Sua região vê com boas perspectivas o projeto Plantando Caju, Colhendo Desenvolvimento, com apoio da Petrobras. “Vai dar um salto de qualidade. A gente percebe as famílias com ansiedade.” Hoje, a produção é ainda praticamente toda vendida aos chamados atravessadores, além das feiras livres, de oito em oito dias. Marquinhos – que ficou com esse “apelido” em lembrança de um amigo que morreu – destaca ainda as chamadas feiras da reforma agrária, realizadas periodicamente.

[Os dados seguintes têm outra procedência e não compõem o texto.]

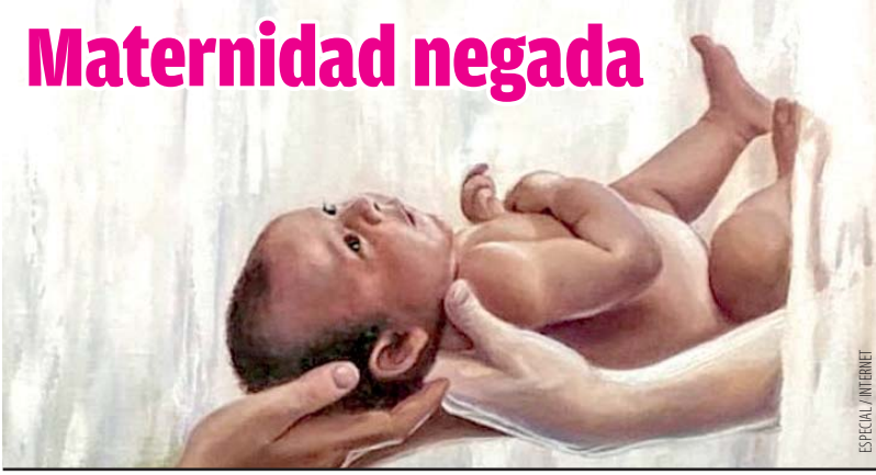
ESPECIAL / INTERNET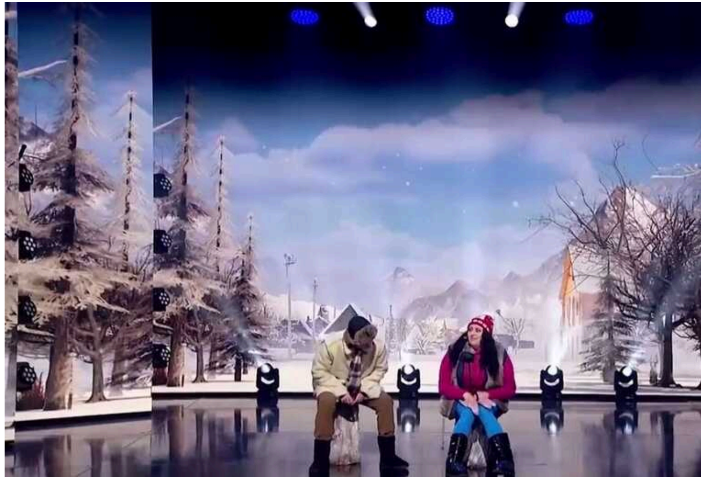
Скандал із "Кварталом 95": Телеканал "1+1" видалить номер про переселенку зі Скадовська

У телеканалі "1+1" повідомили, що видалить скандальний номер "Кварталу 95" про переселенку зі Скадовська.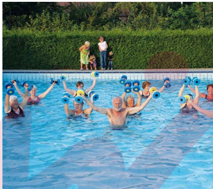
Wassergymnastik Freibad Neuenkrüge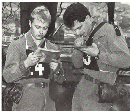
Start vom Hexenplatz am Bruggerberg zum 12-km-Marsch.

Das kalte Wasserbad kam für die 36 Aspiranten gleich nach der Begrüssung durch den Schulkommandanten. Da gab es weder Theorie, noch Kasten-einträumen oder Materialfassen. Nullkommapfölich waren Eigeninitiative, Zuverlässigkeit, Selbständigkeit, Einsatzfreude und Wille zu forcierter Leistung gefragt – und das «auf Zeit» . Das von jedem zu fassende persönliche Material lag übersichtlich ausgebreitet auf den Betten. An einer Wandtafel stand der Befehl für die Übung «Furioso» . Es hiess blitzartig «Tenü blau» erstellen, Helm auf, Sturmgewehr umhängen – und ab, Richtung Bruggerberg, zum Hexenplatz. Hier war der Start. «Karte fassen, Marschrichtung zum nächsten Posten eruieren – und sofort weg!» In der Nähe vom Rüfenacher Waldhaus gab's ein HG-Werfen, im Itelentäli zur Stärkung ein «Frei-luftmittag» , im Kräthal kam das Sturmgewehr «zum Zug» , und nach dem rund 12 Kilometer langen Marsch hiess es – «hopp, hopp!» – im Brugger Schachen noch einen Teil der Kampfbahn zu bewältigen. Nicht alle schafften das letzte Hindernis, die Bretterwand, im ersten Anlauf. Spätestens hier wurde auch dem letzten der 36 Aspiranten klar: «Jetzt bin ich in der Offiziersschule – und das ist alles andere als ein Sonntagsspaziergang» .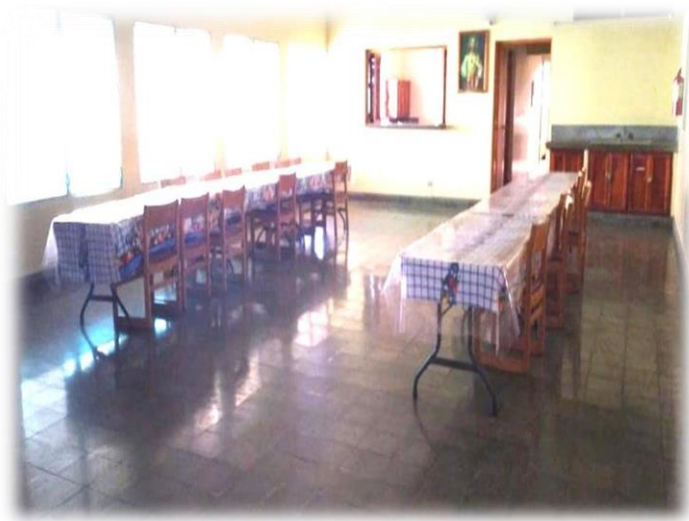
Ilustración 4 Comedor del hogar Tomada 18/03/20 16:55pm por el equipo investigador

Además, cuenta con dos espacios de cocina, una para los adultos mayores que son residentes y otro es ocupada para todas aquellas personas de la tercera edad que son de escasos recursos y son atendidos de manera externa, con alimentos. El hogar también tiene un área de lavandería.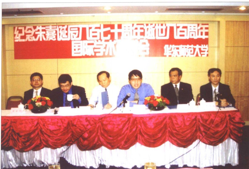
纪念朱熹诞辰八百七十周年、逝世八百周年国际学术研讨会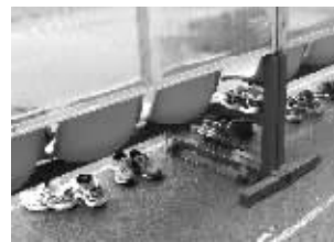
老挝队员的鞋子“五花八门”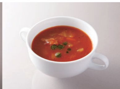
Minestrone 緑黄色野菜たっぷり ミネストローネスープ ¥1,100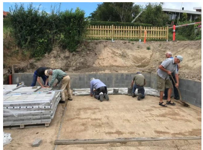
Der lægges fliser.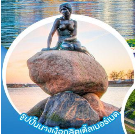
รูปปั้นนางเงือกลิตเติ้ลมอร์เนด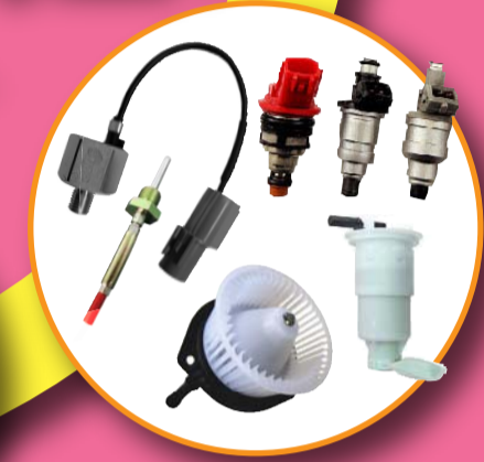
ロックセンサー 排気温センサー フューエルインジェクター フューエルポンプ ブローモーター

2016年、車検台数が減少する予測の年。自動車整備業の総売上高に占める車検整備売上は約4割にのぼります。私たち日本パーツは、これからも、お客様の整備収益のお役に立てるようなご提案をし続けます。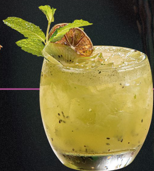
TRISTE Y ABANDONADO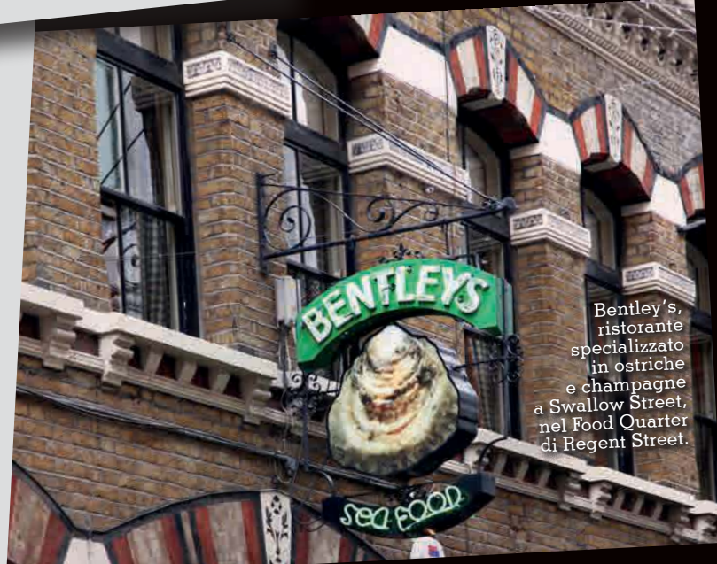
Bentley's, ristorante specializzato in ostriche e champagne a Swallow Street, nel Food Quarter di Regent Street.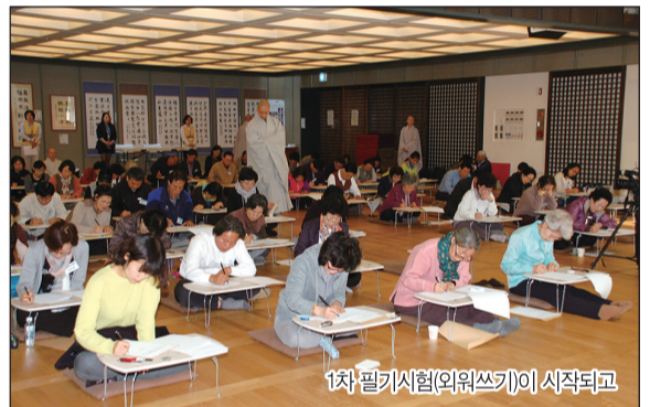
1차 필기시험(의위쓰기)이 시작되고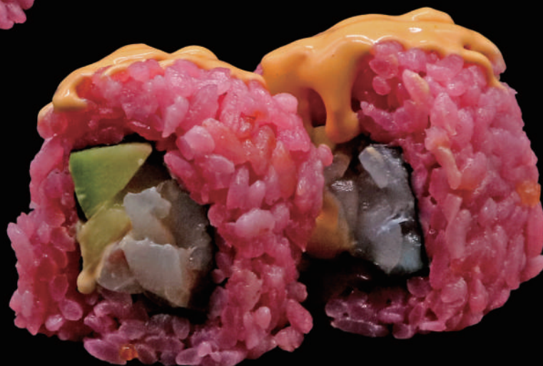
564 - ROSE WHITE allergeni: 4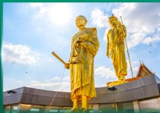
หลวงพ่อคูณ วัดบ้านไร่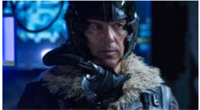
Spider-Man: de regreso a casa , (Watts, 2017)

Podría verse esta secuencia como un montaje bastante exagerado, sin embargo, el argumento que sugiere González Iñárritu es humano y entendible, un ejemplo claro es el actor Michael Keaton que interpreta a Riggan Thomson, se trata de un actor completamente olvidado, el público solo lo recordaba por Batman de 1989, película dirigida por Tim Burton, años después dicho actor regresa con un cenital amplio por Birdman en 2014, colocándose nuevamente como un actor de prestigio, tres años después, el actor toma el papel de El Buitre, antagonista de la película, El hombre araña regresa a casa (2017).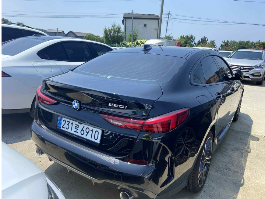
대상물건 전경 (후면)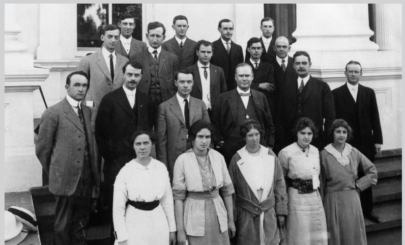
El primer trabajador de la Comisión de Accidentes Industriales del Estado ( State Industrial Accident Commission ).

Para ver más sobre la historia de SAIF y el papel que jugamos como líderes en la industria de seguros de compensación para trabajadores en Oregon, visite saif.com .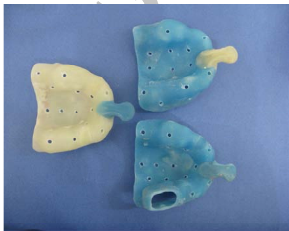
شکل 2- تری‌های اختصاصی به صورت تری باز و تری بسته تهیه شده

بین مطالعاتی که در مورد تکنیک قالب‌گیری بررسی کرده‌اند، Carr (1991) دو تکنیک مستقیم و غیرمستقیم را روی 5 مدل ایمپلنت مورد بررسی قرار داد و نتیجه گرفت که در روش مستقیم (Direct transfer) دقت بسیار بیشتری روی کست نهایی به دست می‌آید (8). در سال 2001 Daoudi و همکاران دقت 4 روش قالب‌گیری را با استفاده از 2 ماده قالب‌گیری متفاوت مطالعه کردند (15). نتایج تفاوت‌های زیادی را در مقایسه تکنیک قالب‌گیری Repositioning با تکنیک Pick up نشان دادند. در سال 2008 Lee و همکاران (16) در یک مطالعه مروری که با هدف بررسی دقت تکنیک‌های مختلف قالب‌گیری و نیز فاکتورهای مؤثر در دقت قالب‌گیری از ایمپلنت انجام شد، نتایجی به شرح ذیل ارائه کردند: از میان حدود 14 مطالعه که دقت قالب‌گیری به روش Pick و Transfer up را بررسی کرده بودند 5 مطالعه 3 یا تعداد کمتری ایمپلنت را مورد استفاده قرار داده بودند؛ 4 مطالعه تفاوتی بین تکنیک Transfer و Pick up پیدا نکردند؛ 9 مطالعه مقایسه این دو تکنیک را وقتی که 4 یا تعداد بیشتری ایمپلنت مورد استفاده قرار گرفته بودند بررسی کردند که 5 تا از آنها دقت بیشتری را در تکنیک Pick up و یکی در تکنیک Transfer نشان دادند و 3 مطالعه تفاوتی بین دو تکنیک نشان ندادند. هدف از انجام این مطالعه، بررسی دقت ابعادی و زاویه‌ای دو تکنیک قالب‌گیری تری باز و تری بسته و دقت ثبت جزئیات سطحی با استفاده از ماده قالب‌گیری پلی‌اتر بود.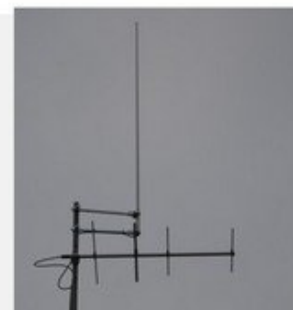
Zakup sprzętu radiowego dla OSP Mrozy – 10 000 zł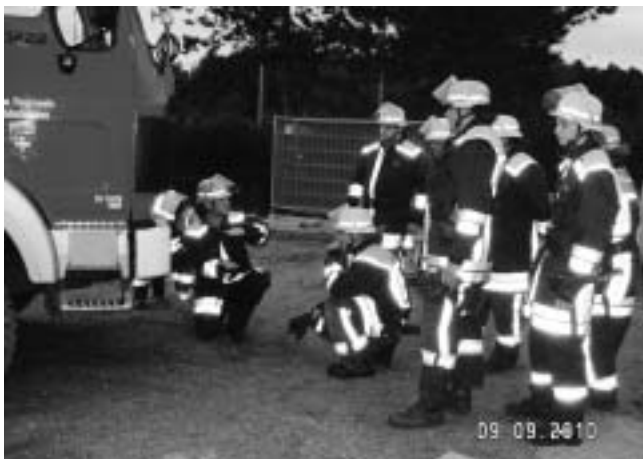
Unterweisung zum Anheben eines Fahrzeugs mit druckluftbetriebenen Hebekissen.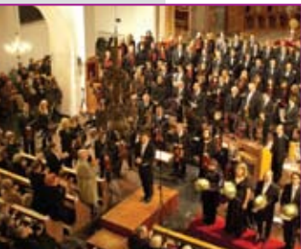
Der Aachener Bachverein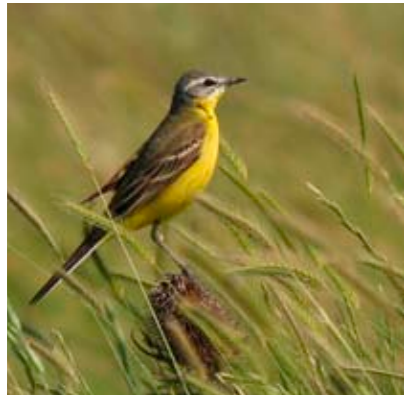
Bergeronnette printanière.

Vous recevrez bientôt une invitation et le programme complet avec le rapport d'activités de 2011. ■

No projeto do caju, a ideia é desenvolver as mudas em um viveiro (de 600 metros quadrados), no próprio assentamento, e organizar uma agroindústria para vender doces e outros produtos. No final de abril, 18 pessoas passavam por um processo de capacitação sob responsabilidade da Empresa Brasileira de Pesquisa Agropecuária (Embrapa). “A região tem potencial para fruticultura, verduras. Precisa de apoio.” Aos 34 anos, Marquinhos nunca deixou o sertão e, com a metade da idade, lembra seu Antônio, lá de Itapeva. “Desde criança eu trabalho na terra. Não sei fazer outra coisa.”